Are there any options for crossover design software that gives design iterations/optimization like Soundeasy but is less expensive and/or more intuitive?

Thanks,

George


----------



## fusseli (May 1, 2007)

All I know that's free, and very technically accurate, is passive crossover designer (PCD). It was ported to a windows app a while back so it no longer requires Excel to run. There's nothing automatic about the process of using it, though...

If you are starting a new speaker build and are not in a hurry, I could help walk you through using it.


----------



## GeorgeG (May 10, 2017)

fusseli said:


> All I know that's free, and very technically accurate, is passive crossover designer (PCD). It was ported to a windows app a while back so it no longer requires Excel to run. There's nothing automatic about the process of using it, though...
> 
> If you are starting a new speaker build and are not in a hurry, I could help walk you through using it.

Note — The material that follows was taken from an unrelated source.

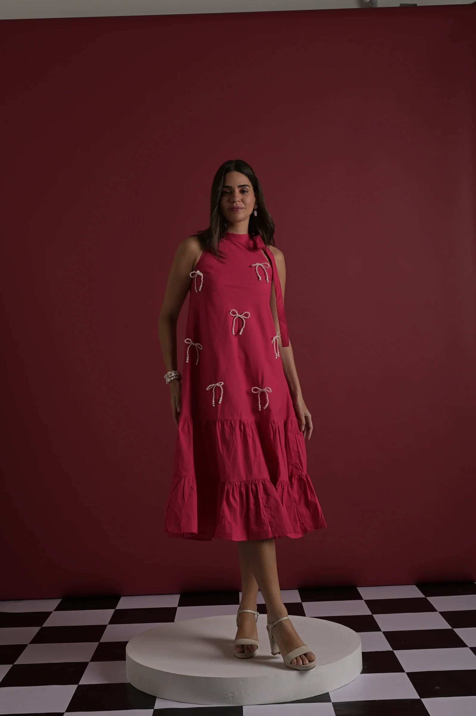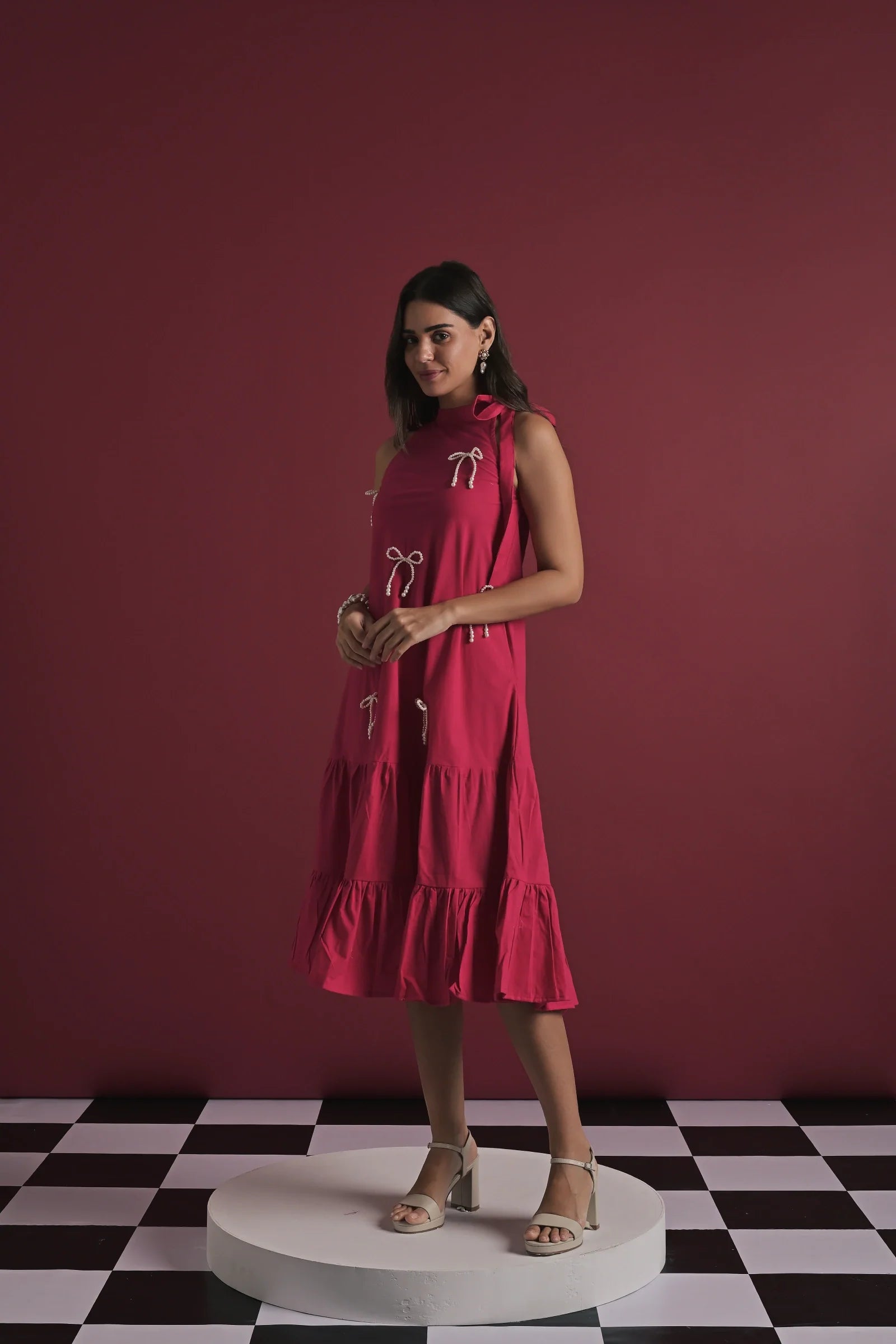 A chic fuschia pink midi dress featuring a relaxed A-line silhouette, elevated with delicate bow embellishments that add a playful yet refined touch. Designed with a sleeveless high neckline and a softly flared hem, it strikes the perfect balance between elegance and ease—ideal for day-to-evening styling. The look is presented on a model wearing size XS, with a height of 5'7”.
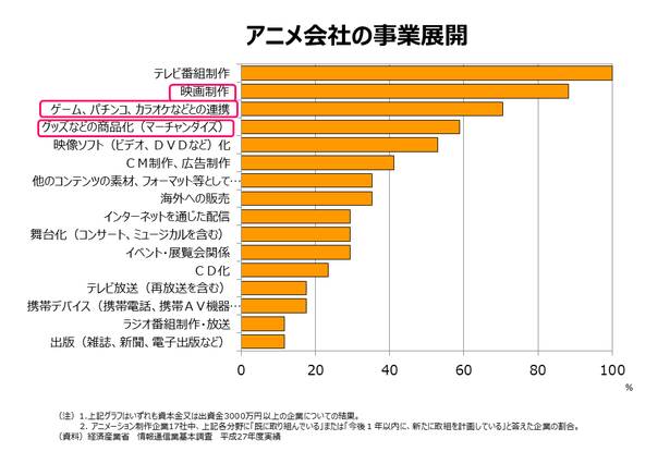 根据信息通信基本调查的数据、以及游戏与动画公司今后事业展开方向的问卷调查结果可见,动画和游戏公司的选择方向也大不相同,尽管无法进行直接的比较,但也能够从两者今后事业发展的构想中窥见一斑。

Thanks. It looks like that's the tool that was originally done by Jeff Bagby which seems to be held in high regard. In this software does it provide any topology/circuit suggestions or does it just calculate the effect of the circuit and values that you select on your own? If the latter, what resource do you use to decide on the xover order and values?

Thanks,

George


----------



## fusseli (May 1, 2007)

There is nothing automatic, and it doesn't suggest anything. All it does it calculate the effects of the circuit you choose to add. It's not the easiest to pick up and learn but it's very accurate when used correctly.

I am working on a speaker building write-up that might help you, maybe I will post that sooner than later.


----------



## Demitryk (Apr 23, 2013)

HT Audio's X-over Pro


----------